I think multiple dispatch (useful as it is) is a little overrated. There's a significant portion of the time where I know I have a closed set of cases to cover, and an enum type with a match-like syntax would have worked better for that. For interfaces, multiple dispatch is good but again I would have preferred a trait based approach with static type checking.
I largely think multiple dispatch works well in Julia, and it enables writing performant code in an elegant manner.
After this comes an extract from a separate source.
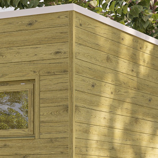 Deze constructie is vervaardigd uit zwarte, drukgeïmpregneerde vurenhouten planken van 21 x 139 mm, bevestigd op een houten frame. Dit model is tevens verkrijgbaar met wandbekleding in het groen of wit. Let op: de richting van de wandbekleding is vast en kan niet worden aangepast.
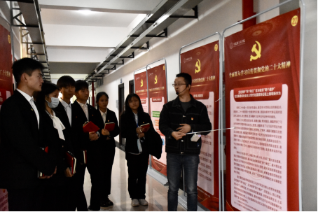 学院党总支充分发挥基层党支部和工会的作用和力量,先后组织教职工开展了多层次、全覆盖的学习宣传活动,如“喜迎二十大健步赏校园”“喜迎二十大竞赛学党史”“喜迎二十大重商拍客行”“喜迎二十大我与党旗留影”“喜迎二十大 大国重器观影”“践行二十大、红岩精神进校园”学生“一站式”社区服务。学院全体36名思政教师深入到200多个教学班级、10000多名学生中开展党的二十大精神学习辅导,构建全员、全过程、全方位思政育人的新格局。

I mostly have smaller gripes about subtyping and the patterns it encourages with multiple dispatch in Julia, and larger gripes about the lack of tooling in Julia.
But multiple dispatch is also a hammer where every problem in Julia looks like a nail. And there isn't enough discussion, official or community driven, that expands on this. In my experience the average developer to Julia tends to reach for multiple dispatch without understanding why, mostly because people keep saying it is the best thing since sliced bread.
wrt to hybrid languages, honestly, I think Python/Cython is extremely underrated. Sure you can design an entirely new language like Mojo or Julia, but imo it offers only incremental value over Python/Cython. I would love to peek into another universe where all that money, time and effort for Mojo and Julia went to Cython instead.
And I personally don't think Python/Rust is as bad. With a little discipline (and some tests), you can ensure your boundary is safe, for you and your team. Rust offers so much value that I would take on the pain of going through FFI. PyO3 simplifies this significantly. The development of `polars` is a good case study for how Rust empowers Python.
I think the Julia community could use some reflection on why it hasn't produced the next `polars`. My personal experience with Julia developers (both in-person and online) is that they often believe multiple dispatch is so compelling that any person that "saw the light" would obviously naturally flock to Julia. Instead, I think the real challenge is meeting users where they are and addressing their needs directly. The fastest way to grow Julia as a language is to tag along Python's success.
Would I prefer a single language that solves all my problems? Yes. But that single language is not Julia, yet, for me.
PS: I really enjoy your blog posts and comments.
Mojo has a different scope than Julia and Python, it targets inference workloads.
Polars is a dataframe library. Yes, it features vectorized operations, but it is focused on columnar data manipulation, not numerical algorithm development. I might say that this is narrow framing, people are looking at Julia through the lens of a data scientist and not of an engineer or computational scientist.